MR. FLEISCHER: No, I think -- you know, there were four leaders that are recognized that we've been working with for a considerable period of time -- a number of years, actually -- and if you look at legislation passed by a Congress, signed by a Democratic President, it actually provided the statutory support for the Iraqi National Congress. So this is a matter of American policy, signed by a Democratic President. And we've been working with these groups of people and other groups of people who want to contribute to a new and free Iraq. And we're pleased to have people like Mr. Chalabi and many others, who have returned to Iraq to help their homeland.

QUESTION: Ari, if you talk to Arab Americans in Detroit and elsewhere, they're happy to talk about the war, but that's not necessarily the driving issue for a lot of them. They're concerned still about what they see as civil rights violations on Arab Americans --

MR. FLEISCHER: The economy.

QUESTION: The economy, certainly, but also Middle East peace process.


QUESTION: The remarks that he's going to make there, is that the place where we're likely to get a declaration of victory and the end of the war?

MR. FLEISCHER: Well, I'm not going to speculate this far in advance about what the President's remarks will be. We'll try to have more information. He has several speeches next week. He will be making remarks aboard the Lincoln when he is there next week. We'll fill you in a little closer to it about what they'll be.

QUESTION: Can you at least say -- I know we've gone over this to a certain extent before, but remind us, the conditions under which the President would be prepared to make such a declaration, that the war is over?

MR. FLEISCHER: The President has said that he will be guided by the reports that he receives from his commanders, principally General Franks. He has not received that final report from General Franks yet. And at the appropriate time, when the President is ready, the President will have more thoughts to share with the nation about the mission, what was accomplished in the mission, that the combat phase of the operation has come to a conclusion, and that a new phase, the reconstruction of freedom, is beginning.

QUESTION: Ari, following up on Mark's question. At this point, what help will the President ask Iraqi Americans for with regard to reconstruction in Iraq?

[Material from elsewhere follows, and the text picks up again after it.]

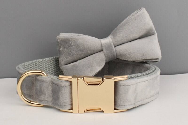 Harnais rembourré personnalisé pour chiens de petite/moyenne/grande taille, velours gris, collier pour chien personnalisé, nœud papillon, porte-sac à crottes, nylon, alliage

MR. FLEISCHER: Well, I think one of the most encouraging signs you see about an Iraq -- the future of Iraq is the fact that the Iraqi community in the United States and in many other countries want to contribute to the future of the country from which they fled or in which they were born. And that's a hopeful sign. If there is a situation on the ground where Iraq had been liberated, but Iraqis around the world wanted to play no role in the future of that government, that would be a very troublesome sign, because there would be a lack of confidence in events on the ground. I think the President is going to express his thanks to these people for being brave, for standing up to Saddam Hussein here in the United States, for speaking out on behalf of freedom and liberty. And he will encourage them to do everything they can to make the future of Iraq a strong and free and prosperous and democratic future.